Waraxe +5 for 1d10+3 non-lethal
Fort +5, Ref +1, Will +4[/sblock]


----------



## Walking Dad (Jun 24, 2008)

Halford said:
			
		

> ...Miller h'what did you see lad, something beneath his cloak?"




"I saw a black wormlike creature. Perhaps they are controlled by some kind of vermin!" Derek responds



> [Sblock=OOC]I am assuming that Dwokan is delaying until after the Sgt.  or until he knows what's going on!
> 
> Does Derek intend to do anything else this round?  And is he correctly positioned?[/Sblock]



[Sblock=OOC]I have used up the standard action to draw the weapon and the move action to move. You need a Bab of +1 to draw a weapon during movement. I will attack next round.[/Sblock]


----------



## Halford (Jun 24, 2008)

OOC: Walking Dad, ah got it, thanks.

Jemal what does Gillian do? Shes up in the initiative at this point, her natural one having been sufficient to wake her due to the shouting. you can also assume she was woken by the Sgt's first bellow and thus heard the rest.

Legildur, do you want me to continue to make your rolls? I certainly don't mind doing so kust wanted to make sure you are okay with that. You could do what you've just done and give me a roll on invisible castle with a note saying + 2 if able to charge - up to you.


----------



## moritheil (Jun 24, 2008)

*Ainel (Glaive)*

Ainel peers about with a glassy look on his face.  His body assumes a familiar fighting stance, drilled into it by hours of practice.

[sblock=OOC] Didn't see any instructions for me, but I assume you're going to autobot him if he's dominated.[/sblock]


----------



## Legildur (Jun 25, 2008)

[sblock=ooc]







			
				Halford said:
			
		

> Legildur, do you want me to continue to make your rolls?  I certainly don't mind doing so kust wanted to make sure you are okay with that.



Very happy with that. I actually prefer it when the DM rolls.[/sblock]


----------



## Halford (Jun 25, 2008)

OOC: My apologies Moritheil I meant for you to be recieving the same set of instructions as Dargo in post 53, sorry that wasn't clear!  Go ahead and roll initiative and jump in.

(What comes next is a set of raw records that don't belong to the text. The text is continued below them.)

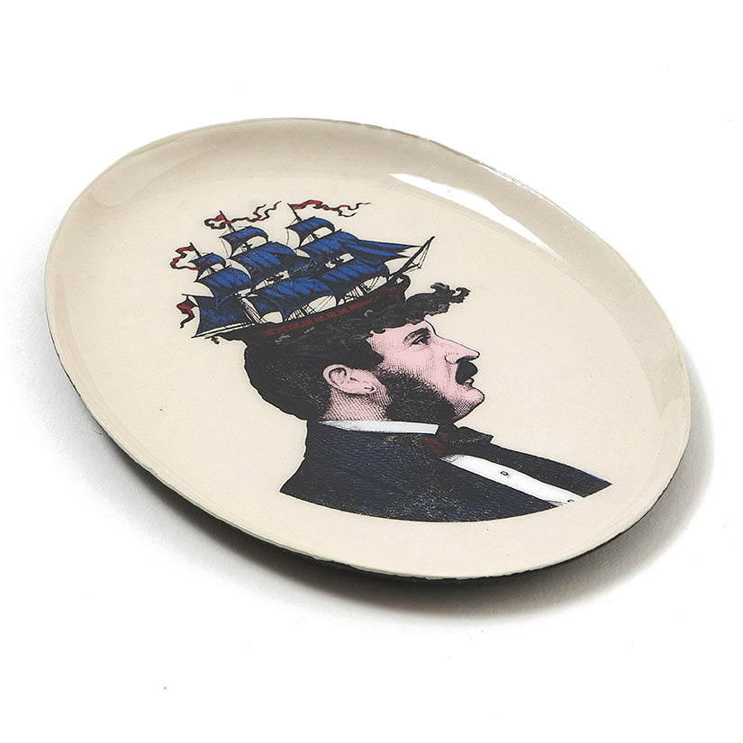A whimsical voyage awaits! This trinket tray features a distinguished gentleman in a tuxedo, his hair adorned with a majestic schooner ship. A playful nod to the voyage of the mind, this piece is perfect for holding trinkets or adding a touch of whimsical sophistication to your decor.
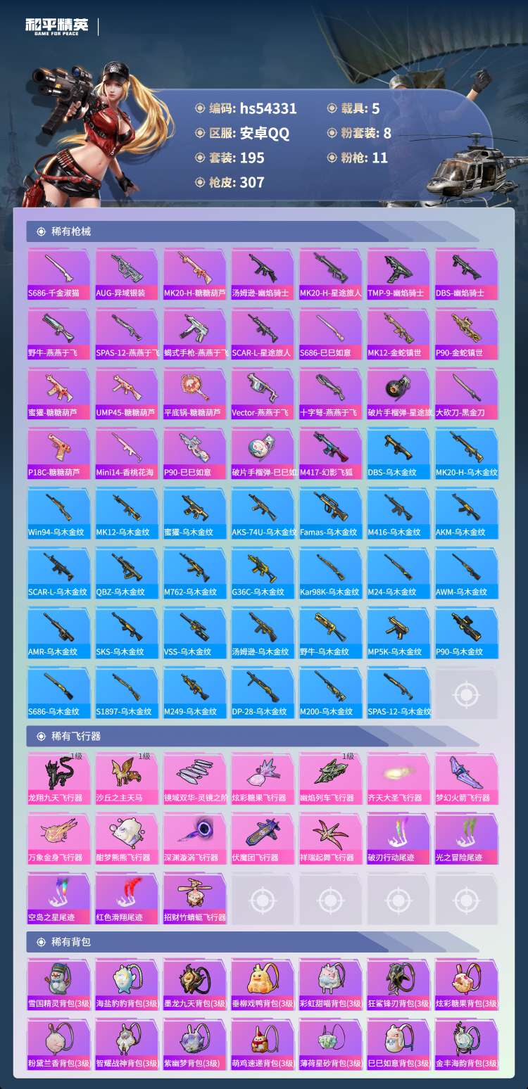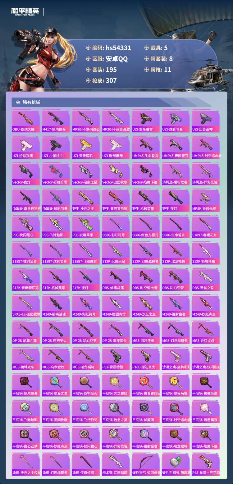 hs54331 安卓手Q-13王牌印记-3红装-8粉装-11特效枪-5载具-106823热力值-19
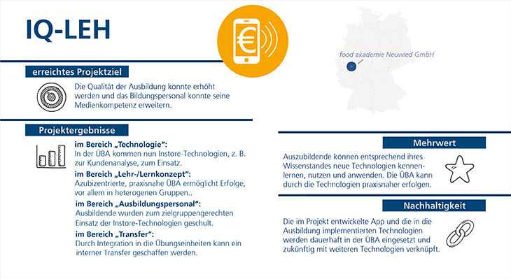 Mit dem Projekt „IQ-LEH“ hat die foodakademie Neuwied die überbetriebliche Ausbildung im Lebensmitteleinzelhandel mit digitalen Technologien angereichert. Mitarbeiterin Christina Heinz berichtet im Interview, was vom Projekt bleibt und welche Herausforderungen das Projektteam gemeistert hat.
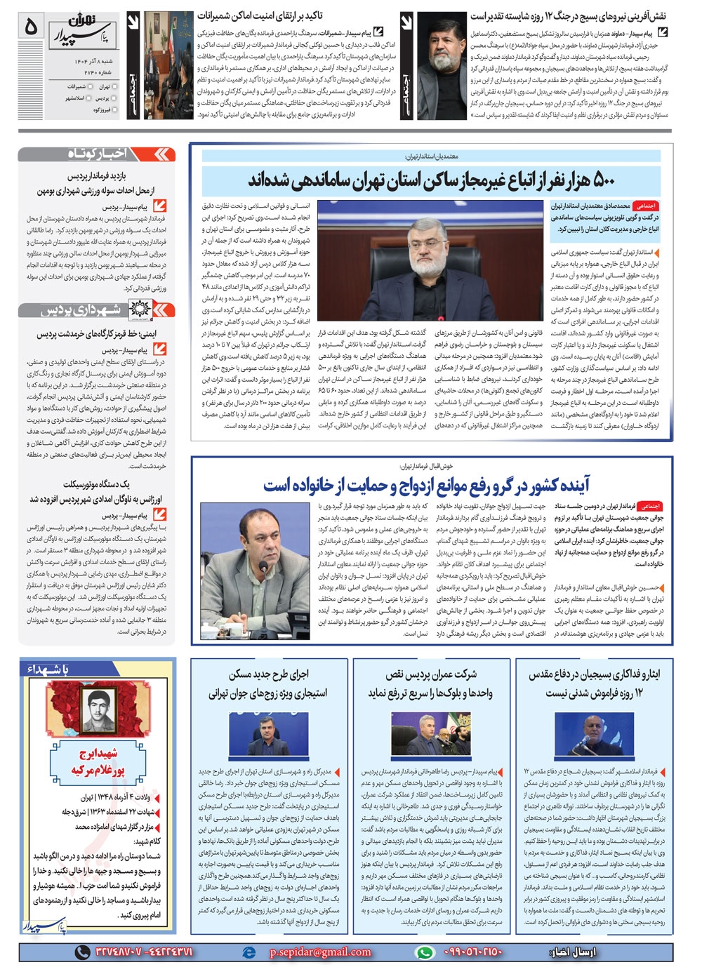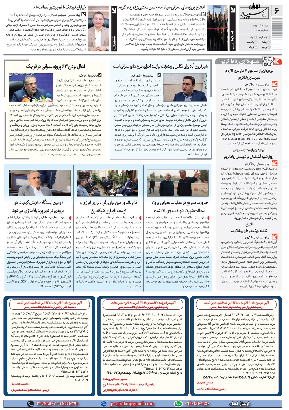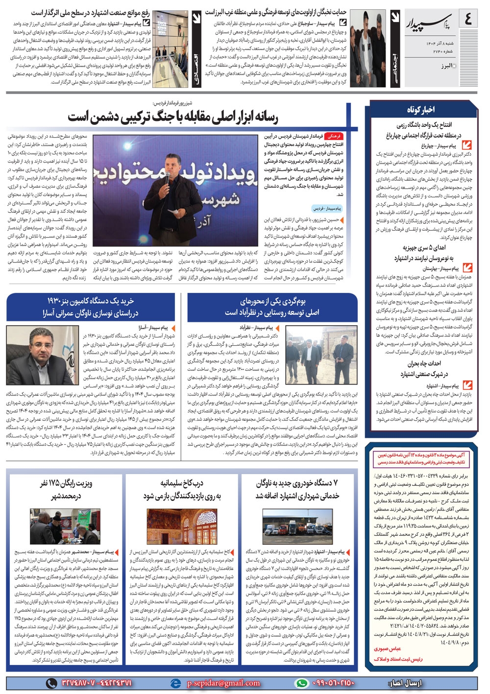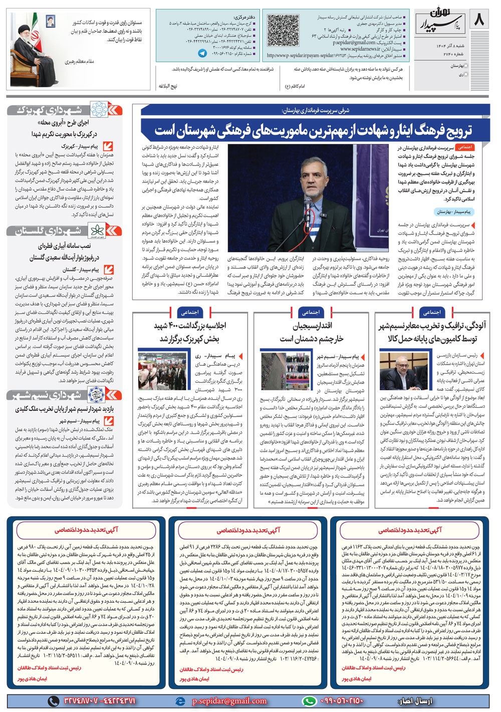 روزنامه پیام سپیدار شماره 2740 شنبه هشتم آذر سال هزارو چهارصدو چهار منتشر شد و در دسترس مخاطبین قرار گرفت. روزنامه پیام سپیدار را می توانید از کیوسک های مطبوعاتی سطح شهر تهیه کنید.
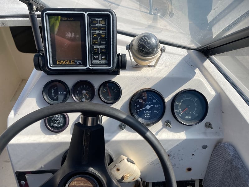 Description: wear & tear throughout boat. marks, damages visible. engine hours unsighted due to bubbles in odometer cover. inspection advised
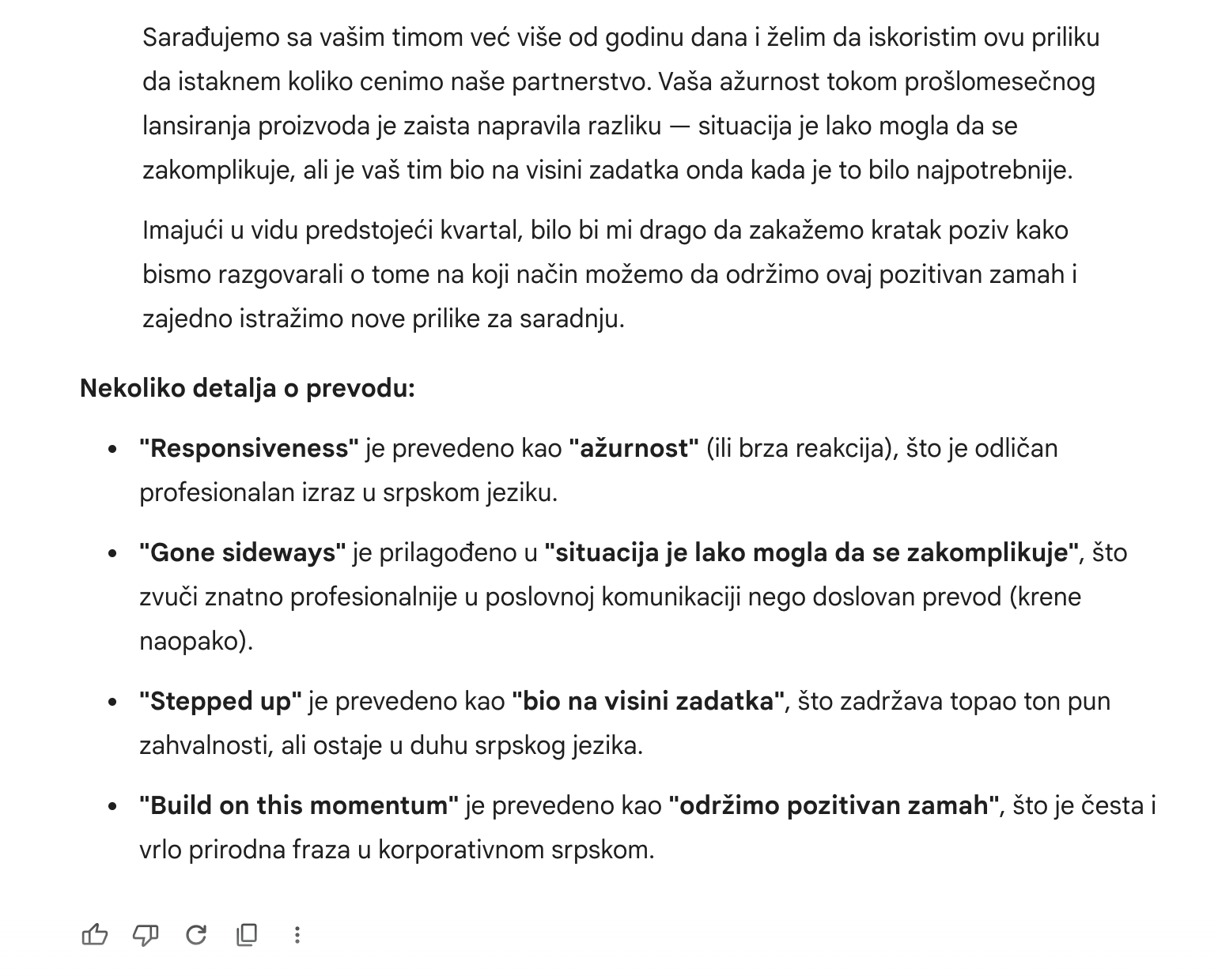 Copilot je razočarao. Njegov prevod "things could have gone sideways", "stvari su lako mogle krenuti u pogrešnom pravcu", gramatički je tačno, ali apsolutno niko to ne bi napisao u mejlu klijentu. Bukvalan, mehanički prevod. Ton je takođe promašen, previše formalno za situaciju u kojoj zahvaljuješ timu sa kojim radiš godinu dana.
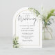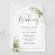 Esta elegante invitación de boda con arco floral verde botánico dorado puede ser personalizada con su información en tipografía chic con su foto especial en el reverso. Diseñado por Thisisnotme©
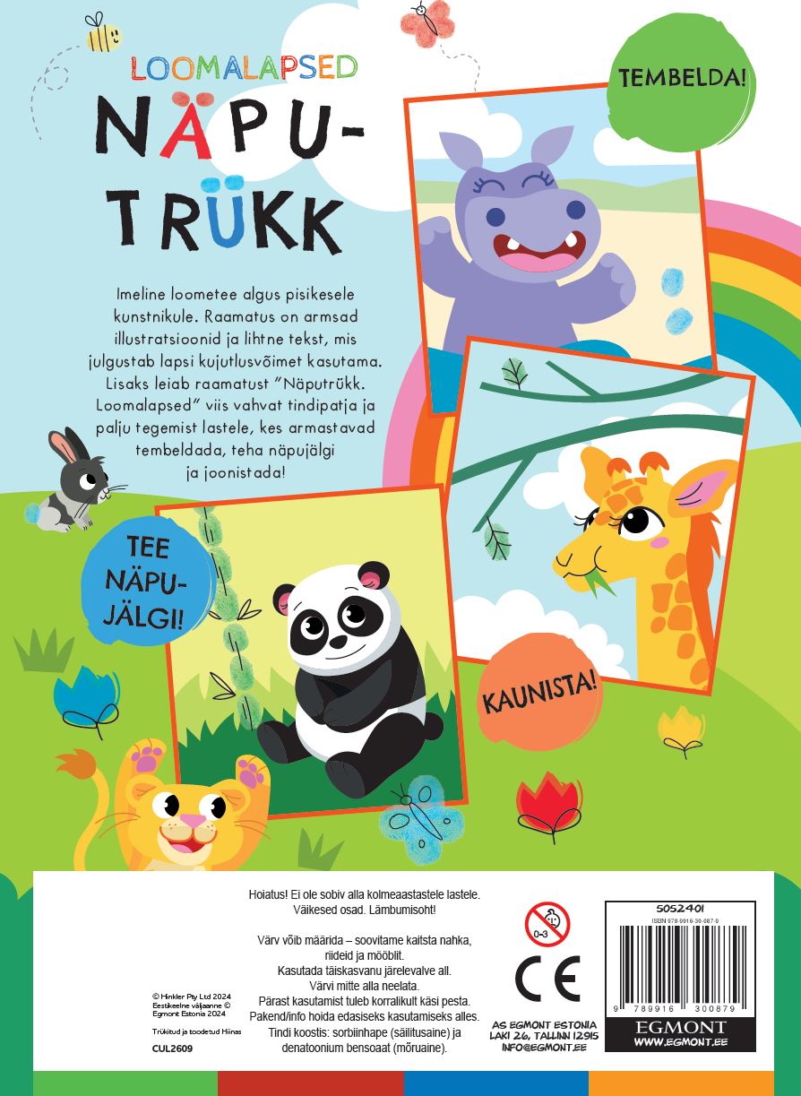 Imeline loometee algus pisikesele kunstnikule. Raamatus on armsad illustratsioonid ja lihtne test, mis julgustab lapsi kujutlusvõimet kasutama. Lisaks leiab raamatust “Näputrükk. Loomalapsed” viis vahvat tindipatja ja palju tegemist lastele, kes armastavad tembeldada, teha näpujälgi ja joonistada!
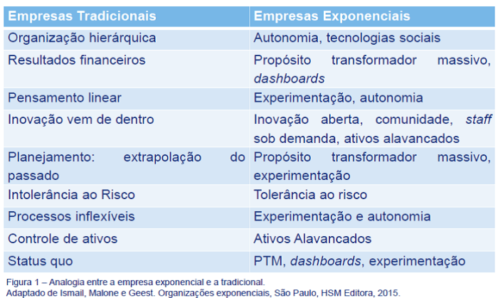 A Figura 1 ilustra as principais diferenças entre uma empresa tradicional e uma empresa exponencial.
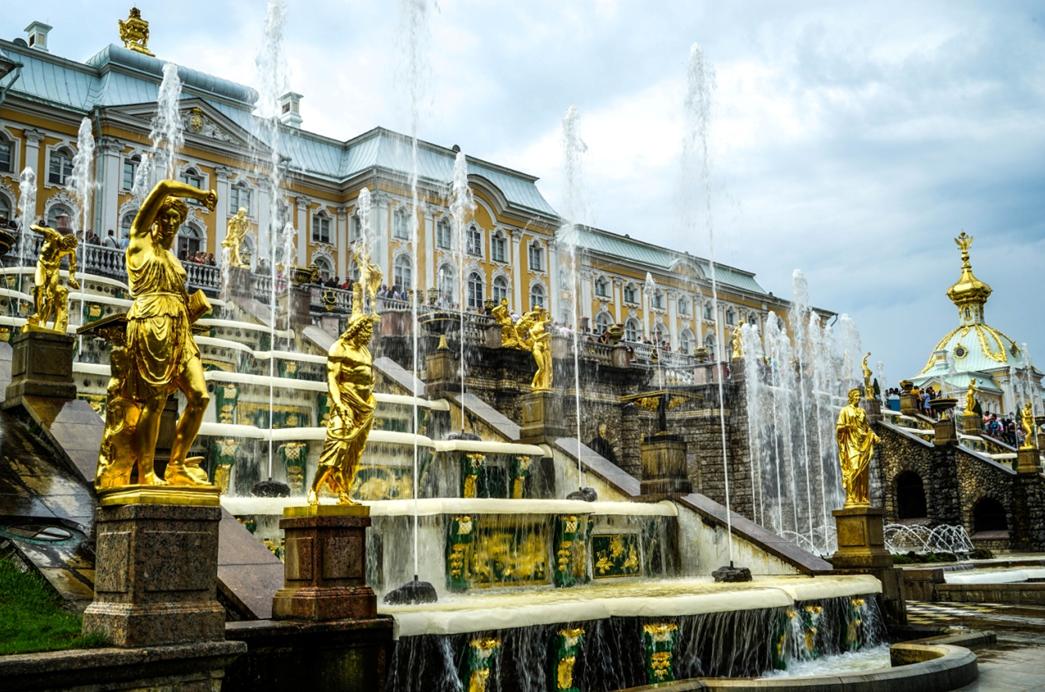 上午到彼得霍夫夏宮,是珍藏許多藝術珍品金碧輝煌的宮殿與花園,也稱作俄羅斯的凡爾賽宮殿,已被列為世界文化遺產。上花園約占地15公頃,下花園建於1714~1723年,佔地約102.5公頃,非常漂亮。花園中心的階梯噴泉,由64個噴泉、與200多座金色雕像組成,據說是根據1715年沙皇彼得大帝親手繪製的手稿興建。
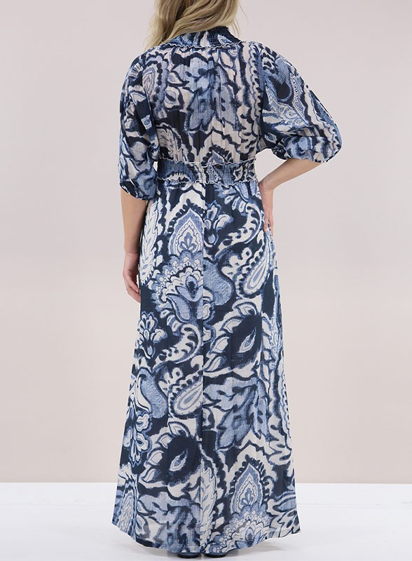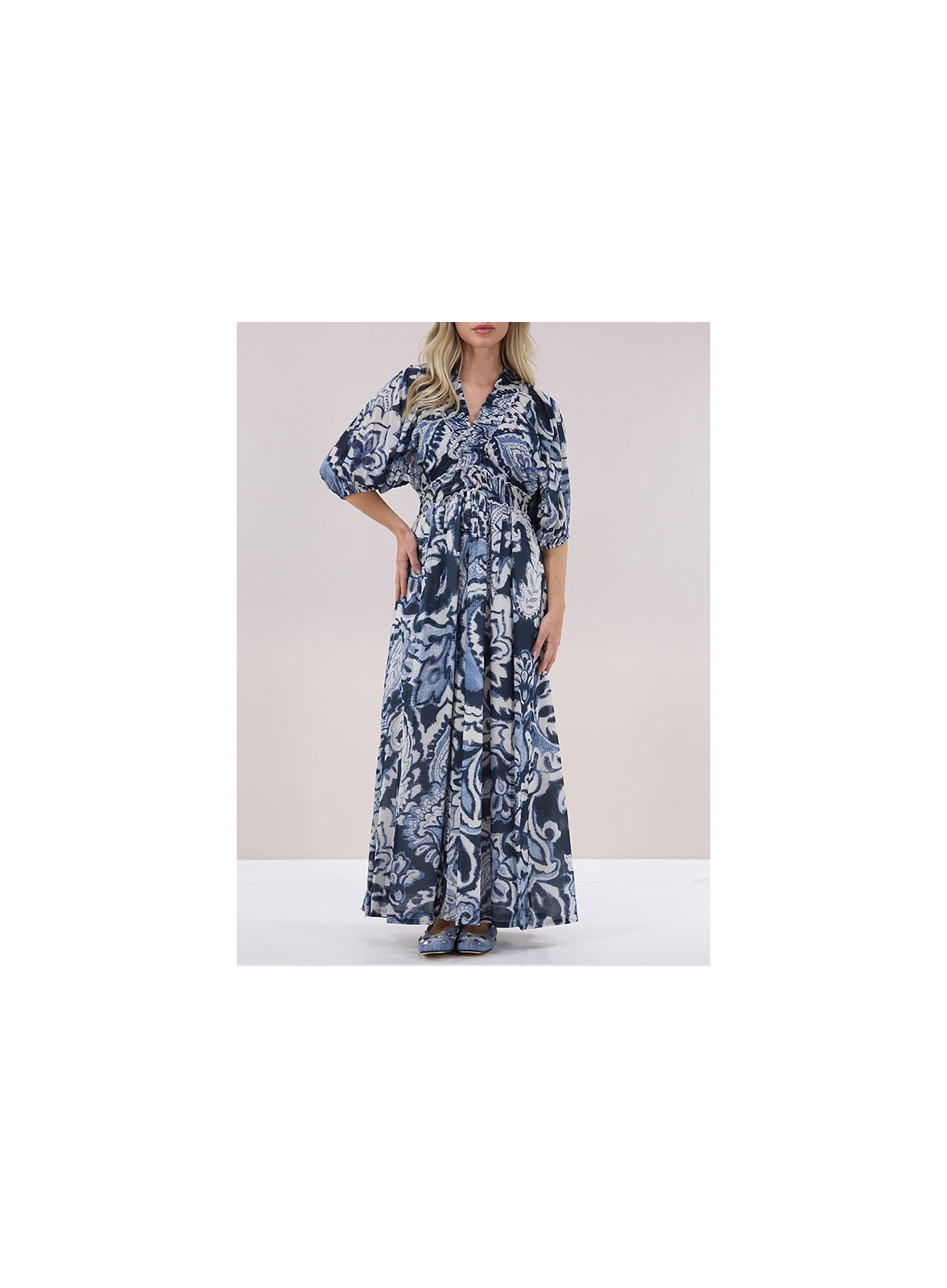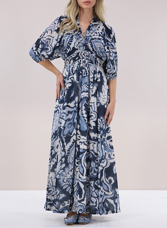 Abito lungo firmato KAOS con scollo a V, manica a sbuffo e gonna svasata. Eleganza leggera firmata per ogni occasione.

I don't want to NPC you since it is still up to you how you interpret those instructions.  Dargo for example reasonably took disable to mean deal non-lethal damage, whereas Tamworth (the Bard) construed the same instructions differently - although he actually did deal non-lethal damage because he was using a whip. Huh, does a Whip deal non-lethal damage?  I just checked and maybe I was wrong on that...  Hmmm, well in any event Thalmarose would still be stable becuase of Dargo's damage being non-lethal.


----------



## Legildur (Jun 25, 2008)

[sblock=OOC on whips]







			
				Halford said:
			
		

> ... Huh, does a Whip deal non-lethal damage?  I just checked and maybe I was wrong on that...



From the SRD:A whip deals nonlethal damage.[/sblock]


----------



## OutlawJT (Jun 25, 2008)

OOC: yeah......posted over a day ago on the OOC thread for this but since no one noticed..... I need clarification on Dowkan's current AC. He lists it as 19 in his post but I didn't see him saying he'd grabbed his shield and that 19 also assumes he's wearing his armor. Since it's medium armor he'd be fatigued if he is already wearing it because sleeping in medium armor causes fatigue. Without knowing what sort of bonus the bard's chanting granted the answer to both of those issues could easily determine whether or not Dargo hit him for non-lethal damage or not. So, a little clarification please?


----------



## Jemal (Jun 25, 2008)

Gillian delays, trying to figure out what's going on.

[sblock=ooc] As does her player.
I've read through and I don't really know what's happening.  I thought the bard was the bad guy, but he's down now..[/sblock]


----------



## Legildur (Jun 25, 2008)

[sblock=Dowkan's AC]I think OutlawJT has a point.  I was focussed (in between work) on Dowkan's status of asleep v not asleep.  I did mention that he readies himself, which includes his shield.  But I agree that he would have to be sans armor at this point. Although I'm not sure if that affects things so far.
PS Sorry I missed the OOC thread comments.[/sblock]


----------



## OutlawJT (Jun 25, 2008)

Legildur said:
			
		

> [sblock=Dowkan's AC]I think OutlawJT has a point.  I was focussed (in between work) on Dowkan's status of asleep v not asleep.  I did mention that he readies himself, which includes his shield.  But I agree that he would have to be sans armor at this point. Although I'm not sure if that affects things so far.
> PS Sorry I missed the OOC thread comments.[/sblock]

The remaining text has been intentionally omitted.